Vielleicht gibt es schlauere Suchmaschinen als Google. Wer dort die Stichwörter "München" und "Abschöpfungssatzung" eingibt, findet praktisch nichts, lediglich zwei Einträge. Die Frage ist deshalb berechtigt, ob Google doof ist oder ob es in München vielleicht gar keine Abschöpfungssatzung gibt? Die Antwort: In München gibt es keine Abschöpfungssatzung.

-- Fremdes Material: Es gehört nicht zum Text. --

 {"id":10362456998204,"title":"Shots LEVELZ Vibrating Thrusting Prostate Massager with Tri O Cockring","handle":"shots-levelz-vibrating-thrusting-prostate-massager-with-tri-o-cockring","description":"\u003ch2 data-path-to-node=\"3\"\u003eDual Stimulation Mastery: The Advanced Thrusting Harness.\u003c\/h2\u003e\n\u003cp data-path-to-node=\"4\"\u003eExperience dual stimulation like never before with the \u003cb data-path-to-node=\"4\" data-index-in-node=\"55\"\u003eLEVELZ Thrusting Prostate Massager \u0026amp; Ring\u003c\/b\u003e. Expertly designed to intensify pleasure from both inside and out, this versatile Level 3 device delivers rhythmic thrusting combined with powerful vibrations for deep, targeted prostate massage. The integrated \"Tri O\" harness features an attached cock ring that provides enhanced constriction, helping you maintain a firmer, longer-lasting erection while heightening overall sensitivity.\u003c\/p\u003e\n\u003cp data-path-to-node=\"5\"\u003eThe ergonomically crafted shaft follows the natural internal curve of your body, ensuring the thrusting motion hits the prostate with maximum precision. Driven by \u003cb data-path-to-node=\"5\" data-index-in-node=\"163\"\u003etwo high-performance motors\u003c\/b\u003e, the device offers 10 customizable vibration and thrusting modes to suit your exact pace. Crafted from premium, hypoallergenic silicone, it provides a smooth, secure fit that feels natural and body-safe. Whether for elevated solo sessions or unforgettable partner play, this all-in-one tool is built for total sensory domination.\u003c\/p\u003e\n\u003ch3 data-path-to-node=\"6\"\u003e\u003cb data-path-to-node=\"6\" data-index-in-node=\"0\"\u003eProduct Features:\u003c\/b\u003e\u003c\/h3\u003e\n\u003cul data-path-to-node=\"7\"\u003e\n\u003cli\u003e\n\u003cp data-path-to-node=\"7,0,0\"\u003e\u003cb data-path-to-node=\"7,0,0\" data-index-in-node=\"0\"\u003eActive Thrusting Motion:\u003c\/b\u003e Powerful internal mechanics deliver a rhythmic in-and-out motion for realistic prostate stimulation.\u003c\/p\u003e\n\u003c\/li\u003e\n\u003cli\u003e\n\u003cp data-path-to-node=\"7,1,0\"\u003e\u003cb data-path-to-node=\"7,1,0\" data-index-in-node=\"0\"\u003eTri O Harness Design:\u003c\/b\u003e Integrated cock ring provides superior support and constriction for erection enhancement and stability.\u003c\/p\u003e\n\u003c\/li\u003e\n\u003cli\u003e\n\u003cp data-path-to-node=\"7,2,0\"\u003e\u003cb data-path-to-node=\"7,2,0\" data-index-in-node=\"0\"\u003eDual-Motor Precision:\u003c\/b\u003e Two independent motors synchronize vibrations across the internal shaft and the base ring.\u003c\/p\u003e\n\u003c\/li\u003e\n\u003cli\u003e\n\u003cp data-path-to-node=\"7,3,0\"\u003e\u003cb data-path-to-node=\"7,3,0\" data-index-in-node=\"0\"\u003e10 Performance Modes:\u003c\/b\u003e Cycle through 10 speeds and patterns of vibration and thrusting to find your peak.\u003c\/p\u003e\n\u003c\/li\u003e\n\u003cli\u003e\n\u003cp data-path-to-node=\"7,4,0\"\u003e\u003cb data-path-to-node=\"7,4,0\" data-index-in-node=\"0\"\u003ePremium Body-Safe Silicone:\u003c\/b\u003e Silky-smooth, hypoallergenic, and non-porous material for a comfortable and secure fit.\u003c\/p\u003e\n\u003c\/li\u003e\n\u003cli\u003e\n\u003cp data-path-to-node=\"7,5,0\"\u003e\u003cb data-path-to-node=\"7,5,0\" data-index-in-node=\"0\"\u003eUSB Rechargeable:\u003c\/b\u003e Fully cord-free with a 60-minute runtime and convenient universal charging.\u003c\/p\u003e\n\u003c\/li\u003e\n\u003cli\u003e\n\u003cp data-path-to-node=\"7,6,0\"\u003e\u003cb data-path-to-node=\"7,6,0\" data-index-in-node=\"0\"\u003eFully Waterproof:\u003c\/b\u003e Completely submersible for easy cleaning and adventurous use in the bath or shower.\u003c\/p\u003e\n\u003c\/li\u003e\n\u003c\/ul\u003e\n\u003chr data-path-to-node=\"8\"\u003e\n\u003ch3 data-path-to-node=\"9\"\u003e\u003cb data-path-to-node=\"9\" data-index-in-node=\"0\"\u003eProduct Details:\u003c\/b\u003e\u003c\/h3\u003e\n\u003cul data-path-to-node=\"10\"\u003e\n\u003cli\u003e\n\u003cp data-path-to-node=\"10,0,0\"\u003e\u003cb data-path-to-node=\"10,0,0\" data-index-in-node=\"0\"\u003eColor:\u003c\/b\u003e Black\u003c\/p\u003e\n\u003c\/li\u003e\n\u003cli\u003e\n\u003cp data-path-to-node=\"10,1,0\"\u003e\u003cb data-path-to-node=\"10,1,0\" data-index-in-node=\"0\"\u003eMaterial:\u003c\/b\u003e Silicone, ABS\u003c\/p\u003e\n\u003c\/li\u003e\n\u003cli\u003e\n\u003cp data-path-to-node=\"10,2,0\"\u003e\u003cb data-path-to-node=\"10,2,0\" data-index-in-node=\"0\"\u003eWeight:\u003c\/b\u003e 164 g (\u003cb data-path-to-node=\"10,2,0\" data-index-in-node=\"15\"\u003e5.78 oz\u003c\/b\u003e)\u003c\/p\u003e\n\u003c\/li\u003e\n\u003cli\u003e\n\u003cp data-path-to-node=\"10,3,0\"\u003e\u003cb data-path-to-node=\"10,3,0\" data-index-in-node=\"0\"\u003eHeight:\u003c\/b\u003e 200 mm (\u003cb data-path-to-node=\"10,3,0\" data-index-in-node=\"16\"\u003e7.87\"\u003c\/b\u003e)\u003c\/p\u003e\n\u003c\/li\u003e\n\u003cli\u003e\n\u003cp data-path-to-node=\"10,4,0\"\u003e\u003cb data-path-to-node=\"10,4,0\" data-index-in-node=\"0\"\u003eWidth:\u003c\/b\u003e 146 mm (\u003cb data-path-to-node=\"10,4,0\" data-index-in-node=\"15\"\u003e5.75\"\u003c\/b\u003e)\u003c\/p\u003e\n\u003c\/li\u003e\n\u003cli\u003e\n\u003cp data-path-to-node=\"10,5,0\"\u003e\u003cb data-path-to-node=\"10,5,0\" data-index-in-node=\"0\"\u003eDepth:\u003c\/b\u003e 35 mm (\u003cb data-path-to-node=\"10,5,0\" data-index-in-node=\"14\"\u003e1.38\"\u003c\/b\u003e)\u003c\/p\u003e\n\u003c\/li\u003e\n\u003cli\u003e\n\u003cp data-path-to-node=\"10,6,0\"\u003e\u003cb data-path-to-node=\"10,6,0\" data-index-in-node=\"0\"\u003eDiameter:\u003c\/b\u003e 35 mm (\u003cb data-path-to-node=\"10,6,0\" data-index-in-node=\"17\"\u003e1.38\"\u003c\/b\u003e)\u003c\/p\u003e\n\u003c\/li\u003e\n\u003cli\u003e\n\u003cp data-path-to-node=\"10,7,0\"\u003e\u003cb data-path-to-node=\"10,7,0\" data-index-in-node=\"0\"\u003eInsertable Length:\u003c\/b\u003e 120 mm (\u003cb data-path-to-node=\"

Biniossek liegt nicht komplett falsch
Wie aber kommt dann Linken-Gemeinderat Roland Biniossek zu der Aussage im Überlinger Gemeinderat, in der bayerischen Landeshauptstadt gebe es eine solche Satzung? Der Hintergrund ist interessant, und letztlich lag Biniossek nicht komplett daneben.

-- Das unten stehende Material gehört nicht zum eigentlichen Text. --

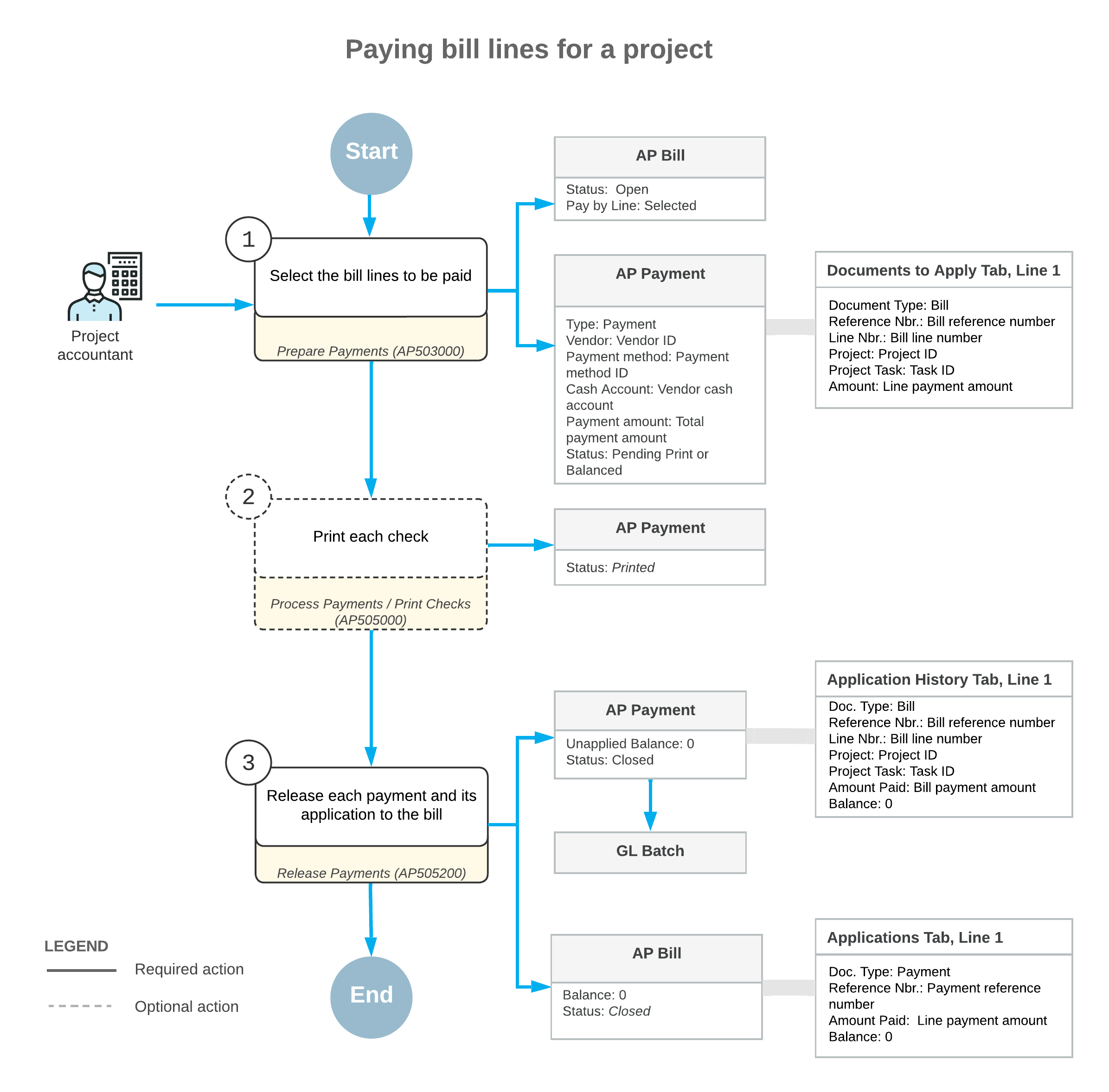 The following diagram illustrates the workflow of processing payment for individual bill lines related to a vendor’s work on a project.

Thema im Überlinger Gemeinderat
Was hat das mit Überlingen zu tun? Biniossek forderte in der jüngsten Sitzung des Gemeinderats für Überlingen eine Abschöpfungssatzung, die es ermögliche, Planungsgewinne von Investoren im Baugewerbe abzuschöpfen, also Gewinne, die durch die Schaffung von Baurecht erzielt wurden und von der Stadt in soziale Einrichtungen oder Sozialwohnungen investiert werden könnten. OB Jan Zeitler (SPD) ist skeptisch, was die Rechtslage betrifft: "Nennen Sie mir eine Stadt in Deutschland, die eine gültige Abschöpfungssatzung hat!" Antwort Biniossek: "München!"
Google-Check
Ein Check auf Google lässt Zweifel aufkommen. Es gibt lediglich zwei Treffer, und sie führen nach Überlingen, zur Internetseite der politischen Gruppierung BÜB+, in der sich Biniossek engagiert, und auf der behauptet wird, München schöpfe 70 Prozent ab. Hat er also nur sich selbst zitiert, eine Art Mini-Datenblase produziert?

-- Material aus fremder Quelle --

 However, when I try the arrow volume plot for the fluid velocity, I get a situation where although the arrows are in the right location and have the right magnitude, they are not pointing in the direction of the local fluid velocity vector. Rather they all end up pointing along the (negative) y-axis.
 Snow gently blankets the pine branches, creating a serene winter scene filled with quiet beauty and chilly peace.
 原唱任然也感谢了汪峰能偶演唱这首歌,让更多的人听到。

Faktencheck bei der Stadt München
Besser, wir fragen dort nach, wo man's sicher weiß, in München: Ingo Trömer, Pressesprecher im Stadtplanungsamt der Stadt München, antwortete auf die SÜDKURIER-Frage, dass München seit 1994 die "Planungsbegünstigten an den Kosten und Lasten, die durch die kommunale Bauleitplanung ursächlich ausgelöst werden" beteilige. Das Programm stehe unter dem Stichwort "Sozialgerechte Bodennutzung (SoBoN)". Trömer: "Es handelt sich dabei jedoch nicht um eine Satzung." Vielmehr würden die Voraussetzungen und Folgen der SoBoN im Rahmen von städtebaulichen Verträgen umgesetzt. "Folglich verpflichten sich die Planungsbegünstigten freiwillig zu den Verfahrensgrundsätzen der SoBoN".
Erreichte Ziele in München, die Biniossek wohlt meinte
Im Ergebnis erreicht München genau das, was Biniossek eigentlich fordert. Das aber nicht mit Zwang. Die Mitwirkungsbereitschaft der Bauwirtschaft, so die Information der Stadt München, sei vorhanden. Aus dieser "Einsicht" heraus finde SoBoN Eingang in rechtsverbindliche Bebauungspläne. Bis 31. Dezember 2016 wurden insgesamt 150 Bebauungsplanverfahren nach den SoBoN-Grundsätzen rechtsverbindlich abgeschlossen, auf mehr als 1000 Hektar Fläche. 46 250 Wohnungen seien damit geschaffen worden, davon zirka 12 000 im geförderten Wohnungsbau. Zum 20-Jährigen 2014 hieß es, dass die "Planungsbegünstigten" insgesamt 500 Millionen Euro aufgebracht hätten, wovon alleine mehr als 150 Millionen Euro für die Schaffung von sozialen Infrastruktureinrichtungen zur Verfügung gestellt worden seien.